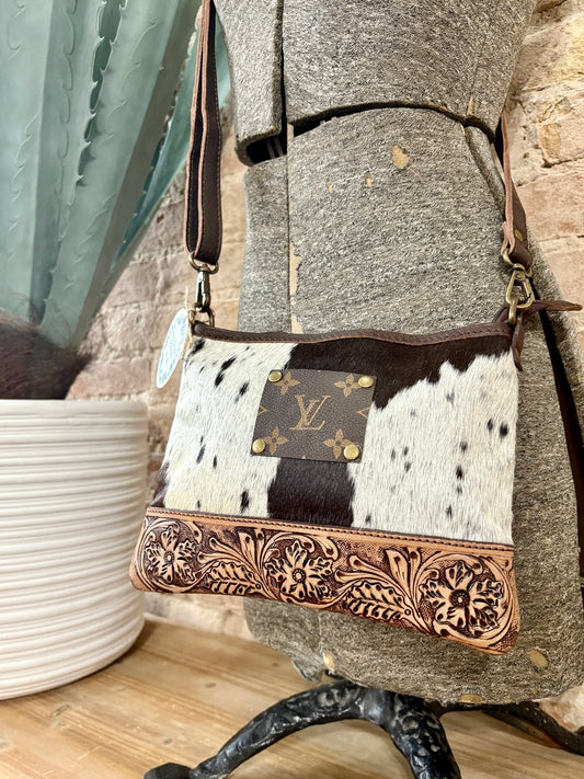 Upcycled LV Tooled Leather Crossbody
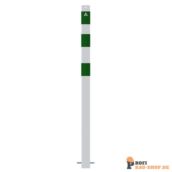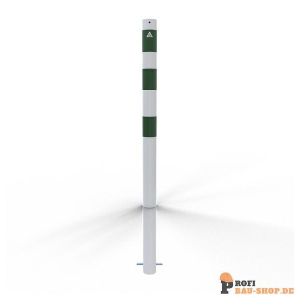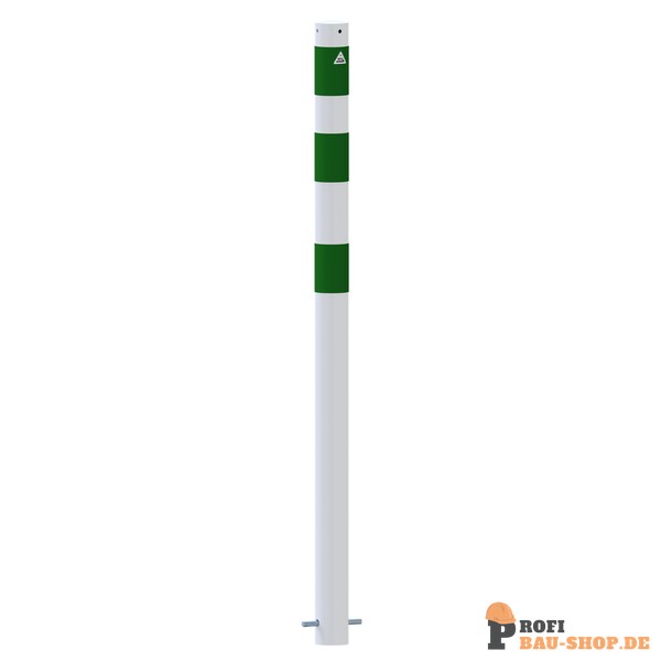 Schake Absperrpfosten E-Ladesäulenschutz, Ø 76 mm, feuerverzinkt, weiß pulverbeschichtet, mit 3 grünen Reflexstreifen RA1/A, zum Einbetonieren, Gesamthöhe 1200 mm
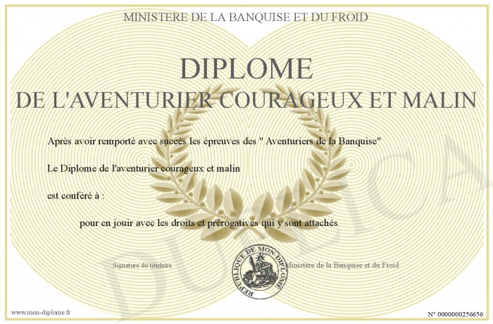 Envoyez par email votre Diplôme de l'aventurier courageux et malin personalisé
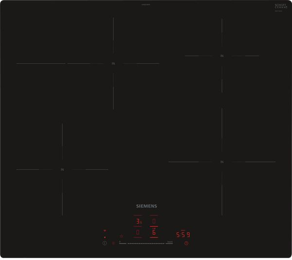 Das autarke Induktionskochfeld EH601HFB1E von Siemens stellt vier Kochzonen mit 17 Leistungsstufen und PowerBoost-Funktion zum Kochen, Braten und Dünsten zur Verfügung. Die zuschaltbare Bräterzone bietet Platz für große Bräter und Pfannen. Die touchSlider-Bedienung ermöglicht die Einstellung der Leistungsstufe mit nur einem Finger. Das EH601HEB1E lässt sich zudem smart via Home Connect App steuern und in Kombination mit einer entsprechenden Dunstabzugshaube passt sich diese automatisch dem Kochfeld an. Mit der Favoriten-Taste kann man das Kochfeld ganz individuell nach den eigenen Wünschen einstellen und sogar sein Smart Home steuern. In puncto Sicherheit überzeugt das EH601HFB1E mit einer Restwärmeanzeige, einer Kindersicherung und einer Sicherheits-Zeitabschaltung.
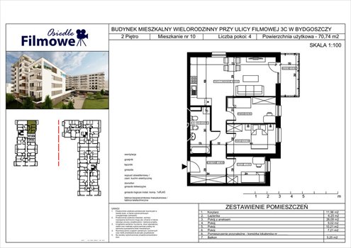 Przestronne 4-pokojowe mieszkanie na sprzedaż w Bydgoszczy Bydgoszcz, Bartodzieje Małe, Filmowa - 70,74m2
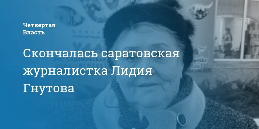 Ушла из жизни саратовская журналистка Лидия Гнутова. Об этом сообщила председатель регионального отделения Союза журналистов России Лидия Златогорская.
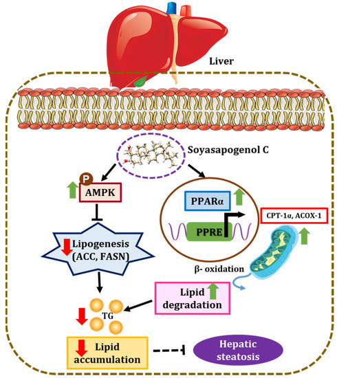 Schematic diagram representing the mechanism by which soyasapogenol C attenuates hepatic steatosis. Soyasapogenol C induced the activation of AMPK and increased the nuclear translocation of PPARα, which is associated with inhibition of hepatic lipogenesis (ACC and FASN) and stimulation of fatty acid β-oxidation (CPT-1α and ACOX-1) in HepG2 cells, thereby attenuating hepatic steatosis (↑ indicates upregulation; ↓ indicates downregulation).

========================

Instructions to follow.
Copy the listing exactly. No images belong in the copy.

Task solution.
 Upcycled LV Tooled Leather Crossbody
 Schake Absperrpfosten E-Ladesäulenschutz, Ø 76 mm, feuerverzinkt, weiß pulverbeschichtet, mit 3 grünen Reflexstreifen RA1/A, zum Einbetonieren, Gesamthöhe 1200 mm
 Envoyez par email votre Diplôme de l'aventurier courageux et malin personalisé
 Das autarke Induktionskochfeld EH601HFB1E von Siemens stellt vier Kochzonen mit 17 Leistungsstufen und PowerBoost-Funktion zum Kochen, Braten und Dünsten zur Verfügung. Die zuschaltbare Bräterzone bietet Platz für große Bräter und Pfannen. Die touchSlider-Bedienung ermöglicht die Einstellung der Leistungsstufe mit nur einem Finger. Das EH601HEB1E lässt sich zudem smart via Home Connect App steuern und in Kombination mit einer entsprechenden Dunstabzugshaube passt sich diese automatisch dem Kochfeld an. Mit der Favoriten-Taste kann man das Kochfeld ganz individuell nach den eigenen Wünschen einstellen und sogar sein Smart Home steuern. In puncto Sicherheit überzeugt das EH601HFB1E mit einer Restwärmeanzeige, einer Kindersicherung und einer Sicherheits-Zeitabschaltung.
 Przestronne 4-pokojowe mieszkanie na sprzedaż w Bydgoszczy Bydgoszcz, Bartodzieje Małe, Filmowa - 70,74m2
 Ушла из жизни саратовская журналистка Лидия Гнутова. Об этом сообщила председатель регионального отделения Союза журналистов России Лидия Златогорская.
 Schematic diagram representing the mechanism by which soyasapogenol C attenuates hepatic steatosis. Soyasapogenol C induced the activation of AMPK and increased the nuclear translocation of PPARα, which is associated with inhibition of hepatic lipogenesis (ACC and FASN) and stimulation of fatty acid β-oxidation (CPT-1α and ACOX-1) in HepG2 cells, thereby attenuating hepatic steatosis (↑ indicates upregulation; ↓ indicates downregulation).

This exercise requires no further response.